Chapter 7: Show Your Work
The work of data science, like all work in the world, is the work of many hands. Data feminism makes this labor visible so that it can be recognized and valued. Principle: make labor visible.
We are less often exposed to the networks of processes and people that help constitute the visualization itself.
· much of the work that goes into designing a data product—visualization, algorithm, model, app—remains invisible and uncredited
Data science is able to profit and thrive because of unpaid invisible labor.
Cultural data workers are responsible for the invisible labor involved in moderating the veritable deluge of content produced online every day.
When designing data products from a feminist perspective, we must aspire to show the work involved in the entire lifecycle of the project
In addition to the invisible labor of data work, there is also labor that remains hidden because we are not trained to think of it as labor at all. This is what is known as emotional labor.
· The notion of emotional labor was supplemented by a related concept, affective labor, so that the work of projecting a feeling (the definition of emotion) could be distinguished from the work of experiencing the feeling itself (the definition of affect).
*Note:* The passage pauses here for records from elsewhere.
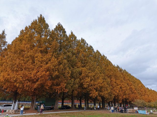 水杉大道中間的咖啡廳,旁邊有大型免費停車場,
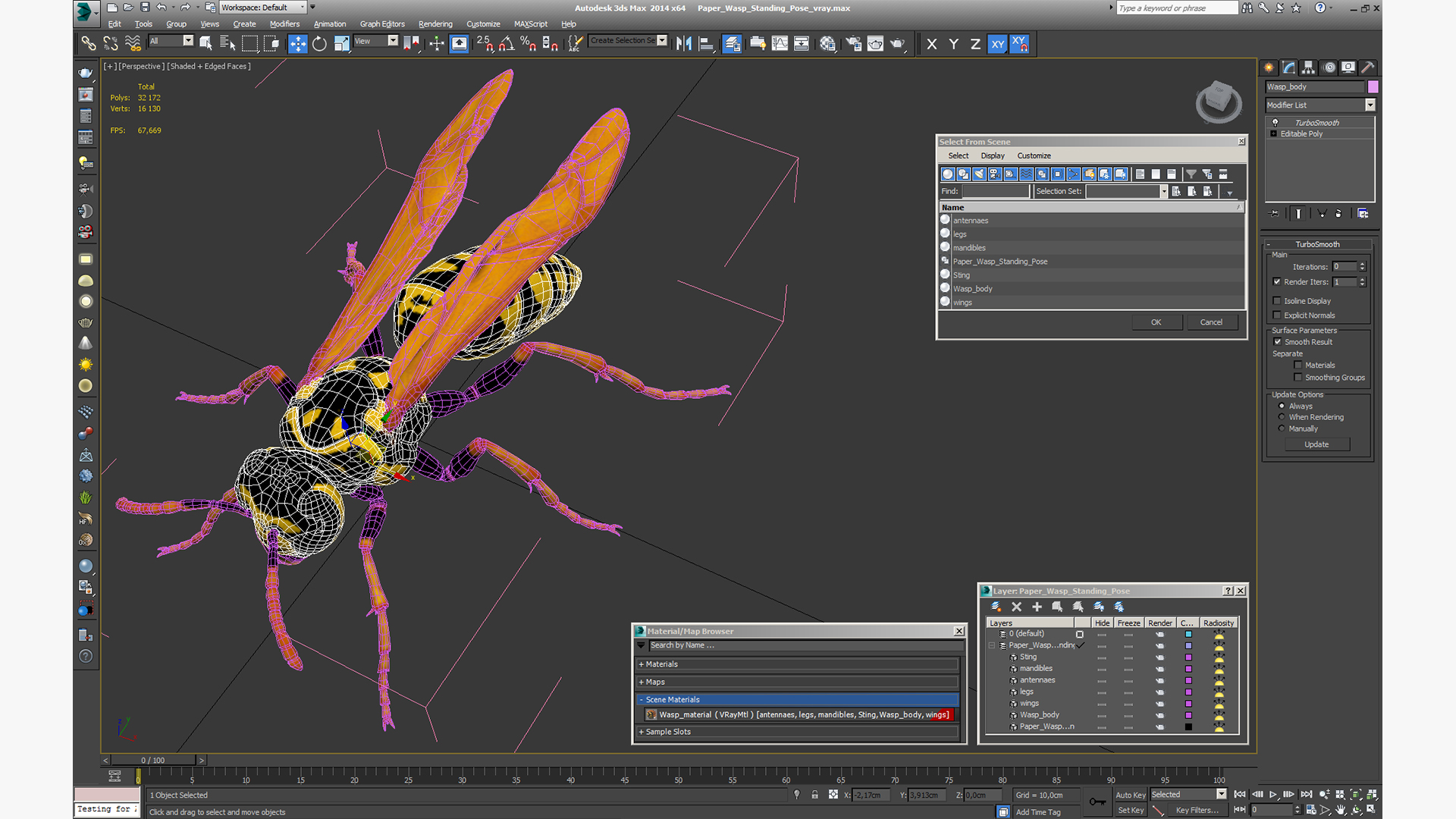 Paper Wasp Standing Pose is a high quality, photo real 3d model that will enhance detail and realism to any of your rendering projects. The model has a fully textured, detailed design that allows for close-up renders, and was originally modeled in 3ds Max 2020 and rendered with V-Ray. Renders have no postprocessing!
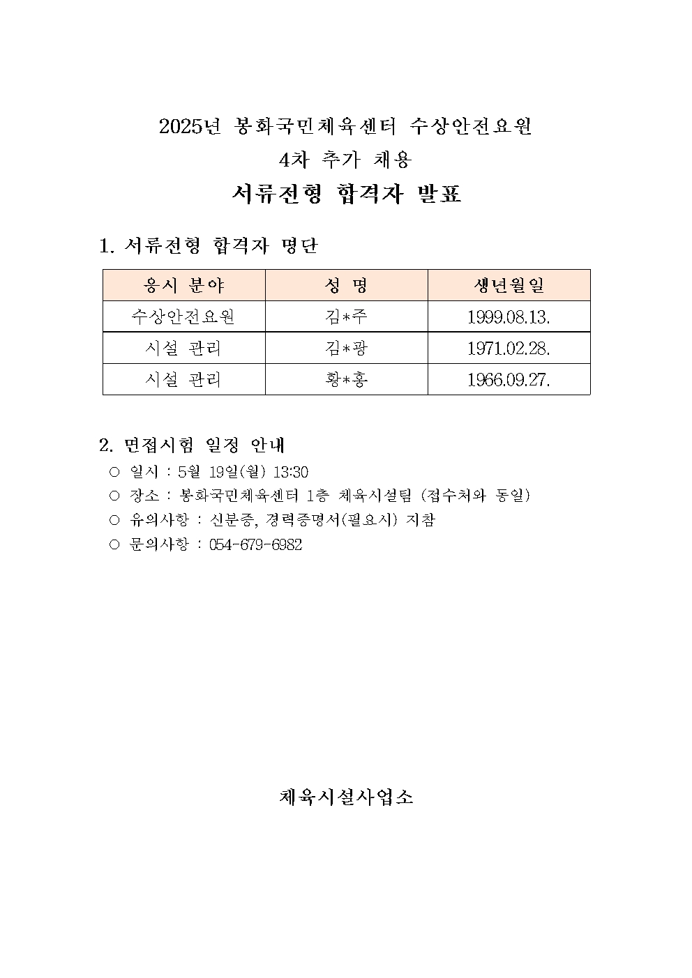 '2025년 봉화국민체육센터 수상안전요원 4차 추가 채용' 서류 전형 합격자 발표 및 면접시험 일정 안내
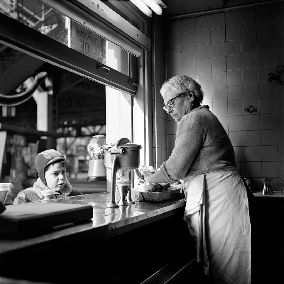 October 31, 1954. New York, NYThe Night Market image incorporates the two techniques of framing and changing perspective – specifically breaking the “fourth wall” of an image by getting behind the scene. Not a perfect use of the phrase “fourth wall” but I think it gets the point across. Walking behind the stalls provided the action for the camera.
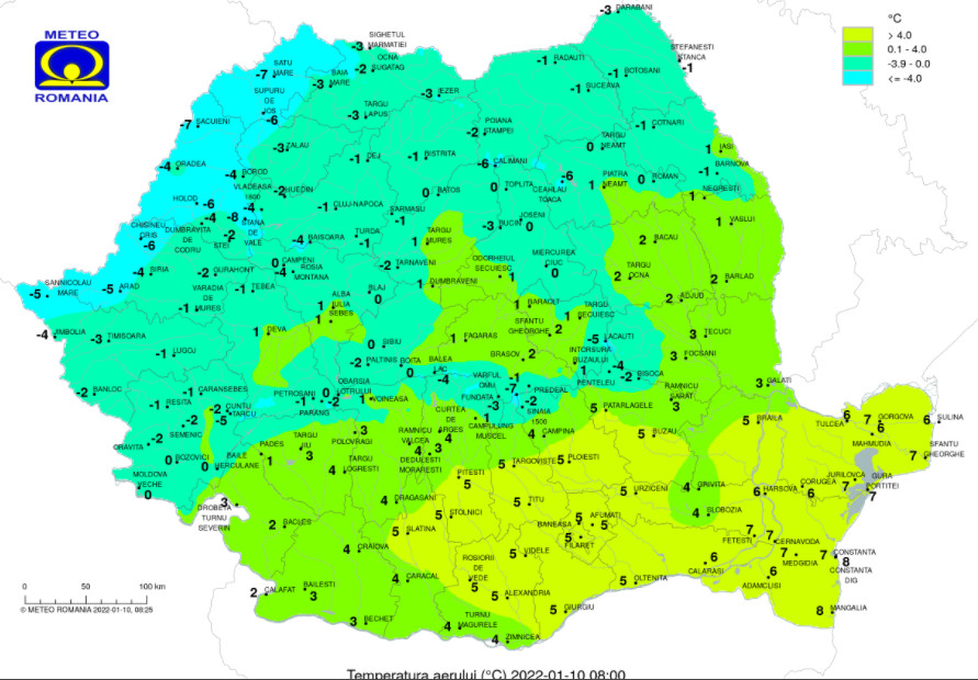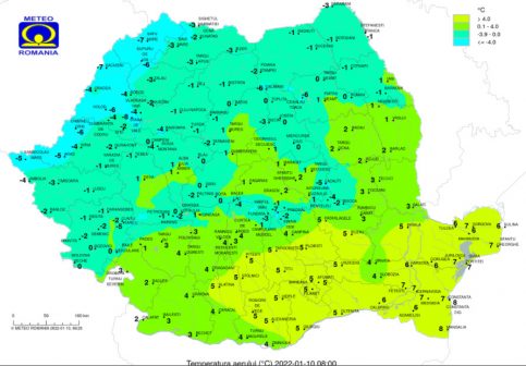 Luni, 10 ianuarie, ploi în toată țara, vântul se intensifica în sud, în est și în zonele montane și începe să aducă un aer mai rece, iar maximele pleacă de la minus 2 grade în Bucovina și ajung pe la 9 grade pe litoral.

Data work is part of a larger ecology of knowledge, one that must be both sustainable and socially just.
An emphasis on labor opens the door to the interdisciplinary area of data production studies: taking a data visualization, model, or product and tracing it back to its material conditions and contexts, as well as to the quality and character of the work and the people required to make it.
Showing the work is crucial to ensure that undervalued and invisible labor receives the credit it deserves, as well as to understand the true cost and planetary consequences of data work.
Intersectional feminism—a vibrant body of knowledge and action that challenges the unequal distribution of power—and how it can be applied to the field of data science today.
The authors' definition of data science includes more than quantitative methods, more than “big” data, more than “artificial” intelligence, and more than “neutral” displays.
The best time for resistance and reimagination is before the norms and structures and regulations of the data economy have been fully determined.